Sunday, October 7, 2012

Personal Records Breached

So far this year, government agencies have more than doubled their totals from last year, reaching 9.6 million in just the first five months of 2012. Who knows where we'll be by the end of the year -- or how many innocent people will be exposed to fraud and identity theft due to the negligence of government employees or third-party vendors?

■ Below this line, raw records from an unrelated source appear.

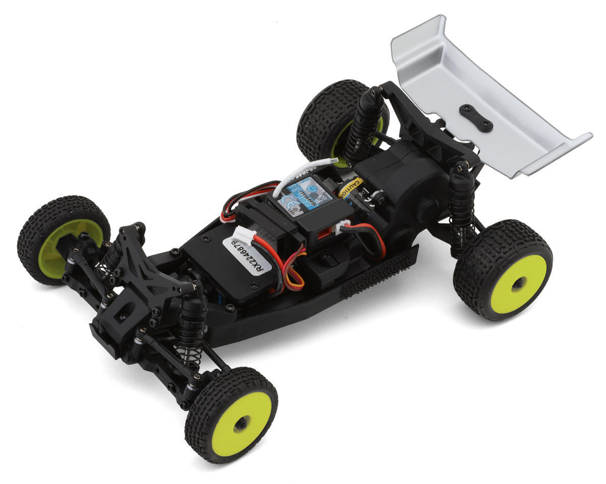 Built around a strong anodized aluminum chassis plate, the Microbe exudes durability and style. Metal driveshafts and a three-gear transmission with a gear differential ensure reliable power transfer and smooth acceleration. The oil-filled adjustable coilover shocks provide superior damping, allowing the buggy to handle bumps and jumps with ease while maintaining stable traction.
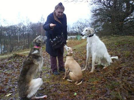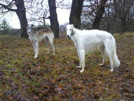 Jil & Ayla haben Fotos von sich und ihrem Barsoi-Rüden geschickt. Jil heißt ja jetzt Lieselotte und sie ist in den letzten vier Monaten noch 8 cm gewachsen. Den Traum von der kleinen Barsoi-Hündin ist damit geplatzt... :)
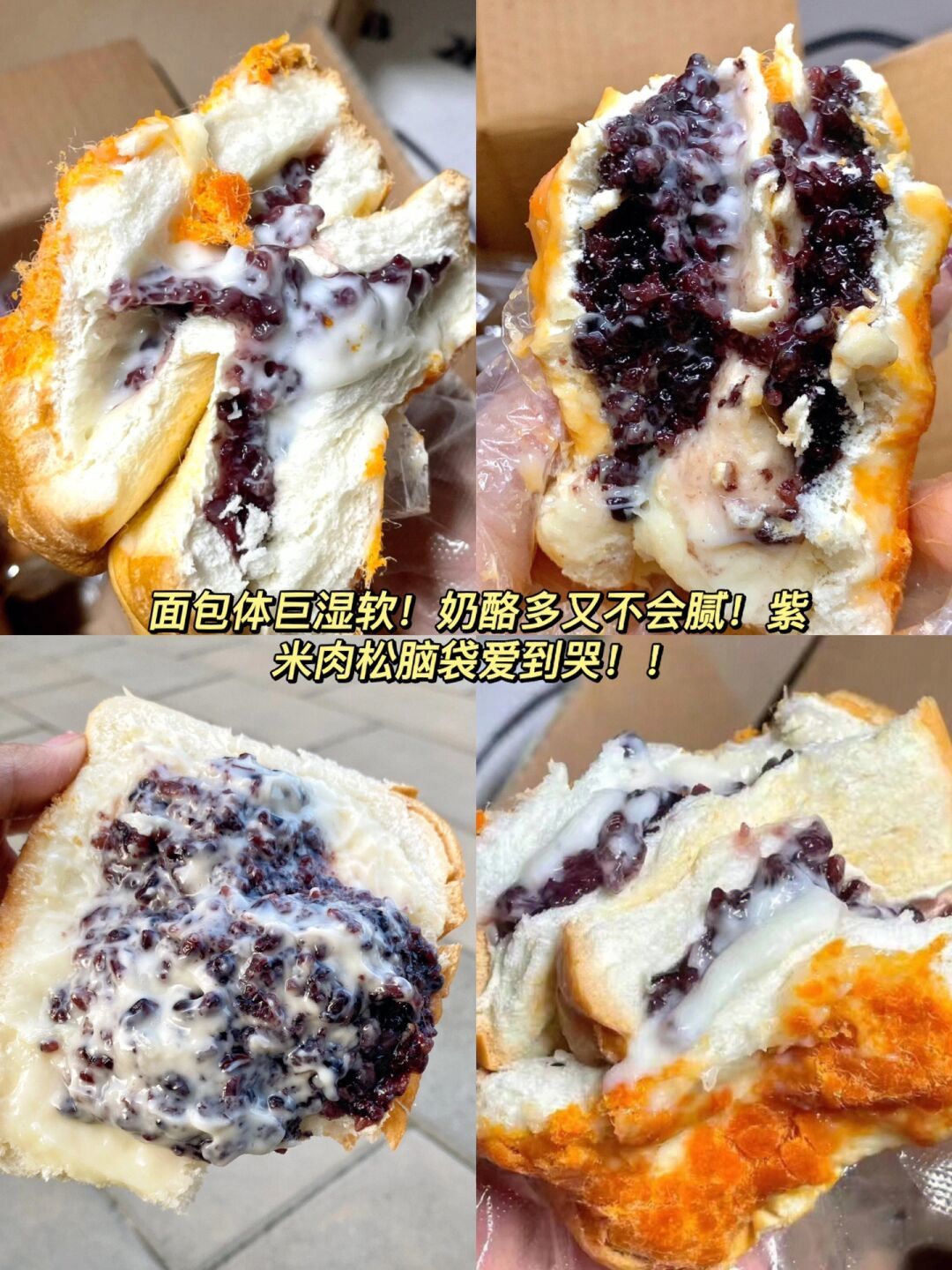 馅料超足—肉松+3层吐司+奶酪酱+紫米+岩烧芝士足足七层
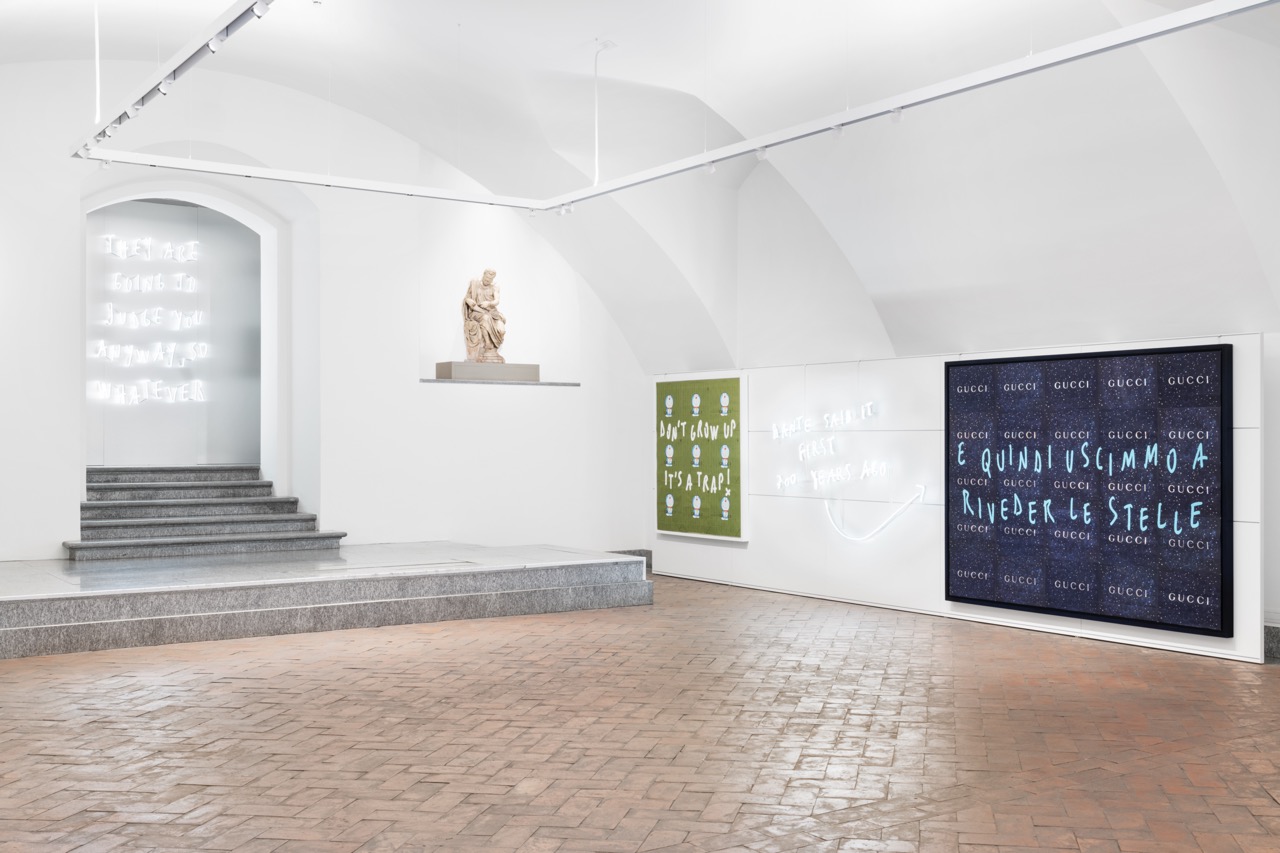 The themes addressed throughout the exhibition range from love to personal fulfilment, from the tension between materiality and spirituality, to the central theme of the entire exhibition: the judgement of others. Through direct, ironic and provocative phrases,

And remember, these are just the breaches we know about. In some states, government agencies are not legally required to publicly report data breaches, or to notify potential victims that their personal information has been exposed. To take one little-known example, local governments in California are exempted from that state's breach notification law -- "a big exception, in my opinion," as Clearinghouse founder and director Beth Givens told us, since local governments "compile a great deal of personal information." Furthermore, out of 268 breach incidents reported since 2009, the 67 of the public agencies responsible (and I use that term loosely) couldn't even figure out how many records were lost. That fact alone will tell anyone with basic math skills and a lick of common sense that this epidemic is much worse than we know.
What's even more astonishing than the total number of personal records breached is how the databases were compromised in the first place. Despite what news reports, urban legend, and simple logic might lead you to believe, sophisticated, premeditated attacks by hackers accounted for only 40 breaches since 2009, a mere 15 percent of the total.